Partial batch failure reporting is critical. Without it, if one message in a batch of 10 fails, all 10 get retried. With batchItemFailures, only the failed message retries.

Wiring It Together

import * as lambdaEventSources from "aws-cdk-lib/aws-lambda-event-sources";

consumerFn.addEventSource(
  new lambdaEventSources.SqsEventSource(orderQueue, {
    batchSize: 10,
    maxBatchingWindow: Duration.seconds(5),
    reportBatchItemFailures: true,
  })
);

Monitoring and Alerting

Set CloudWatch alarms on these SQS metrics:

  • ApproximateNumberOfMessagesVisible — messages waiting to be processed.

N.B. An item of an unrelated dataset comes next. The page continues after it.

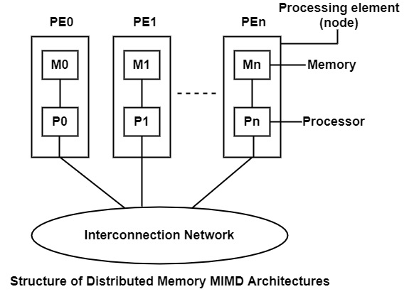 分散式記憶體MIMD架構被稱為多計算機。它可以複製處理器/記憶體對,並透過互連網路將它們連線起來。處理器/記憶體對被稱為處理單元(PE),PE彼此之間基本上是獨立工作的。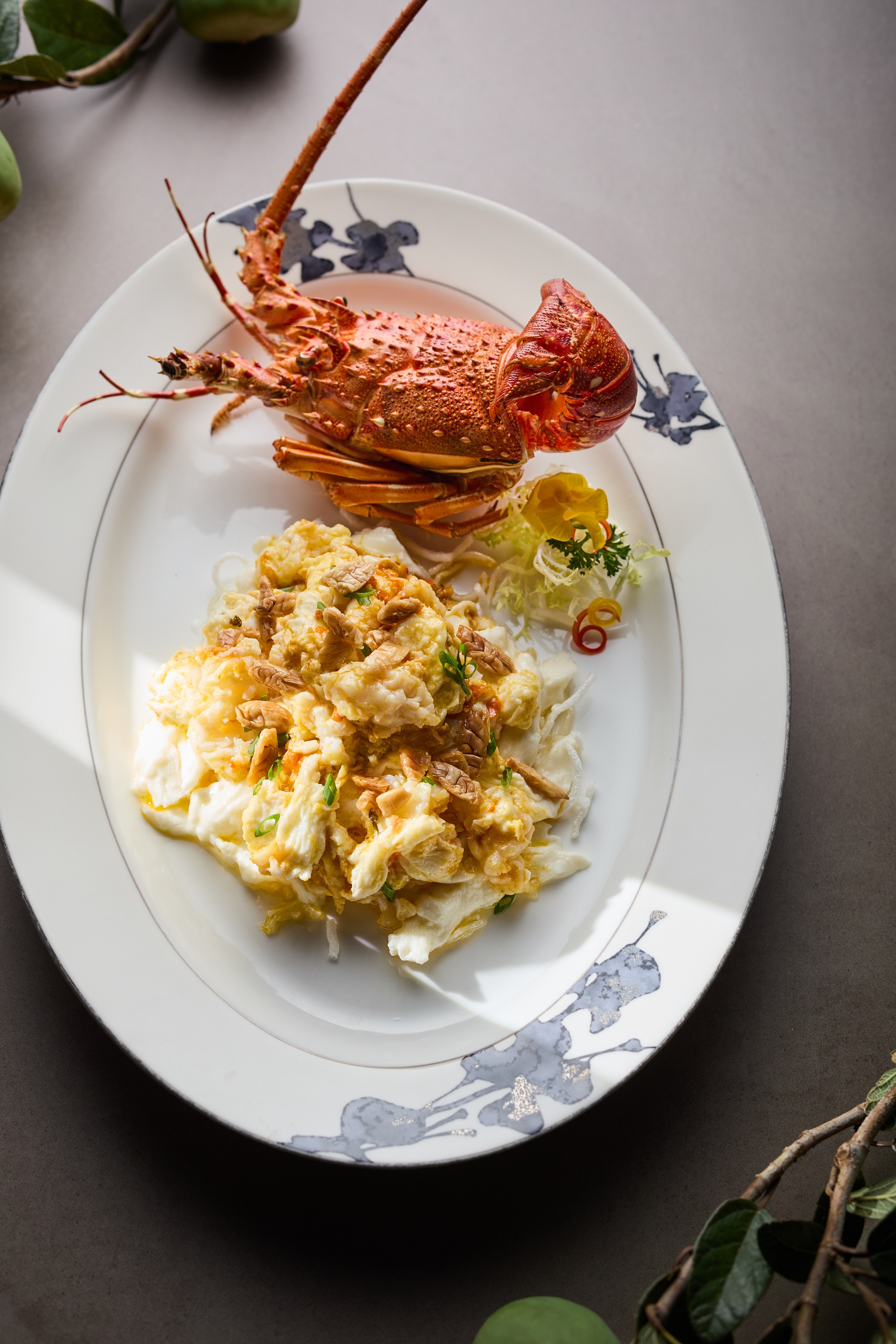 而拆蟹皇炒龙虾鲜奶无疑是餐席上的视觉与味觉焦点。取鲜活龙虾现拆,鲜嫩蟹肉与手工慢搅的蛋清充分交融,再投入饱满蟹皇火速快炒。蛋白如凝脂莹白,龙虾似玉肌粉嫩,蟹黄若流金璀璨,三色辉映间,恰似一幅秋日温润画卷铺展于餐盘。入口时,乳香、虾鲜、蟹黄的丰韵层层递进,让味觉与视觉的奢雅共鸣直抵心间。

A growing number means your consumer can't keep up
  • ApproximateAgeOfOldestMessage — how long the oldest message has been waiting. Spike = processing bottleneck
  • NumberOfMessagesReceived on the DLQ — any message here means something failed 3+ times and needs investigation

Best Practices

  1. Make consumers idempotent. SQS guarantees at-least-once delivery, so your handler may process the same message twice.
  2. Set Lambda concurrency limits. Without them, a sudden flood of messages spawns hundreds of Lambda instances and may overwhelm downstream databases.
  3. Use message deduplication for FIFO queues when exactly-once processing matters.
  4. Keep messages small. Store large payloads in S3 and pass the S3 key in the SQS message.

Conclusion

SQS + Lambda is one of the most battle-tested patterns on AWS. It gives you decoupling, automatic retry, and horizontal scaling with almost zero operational overhead. Start with a Standard queue for most use cases, and reach for FIFO only when message ordering is a hard requirement.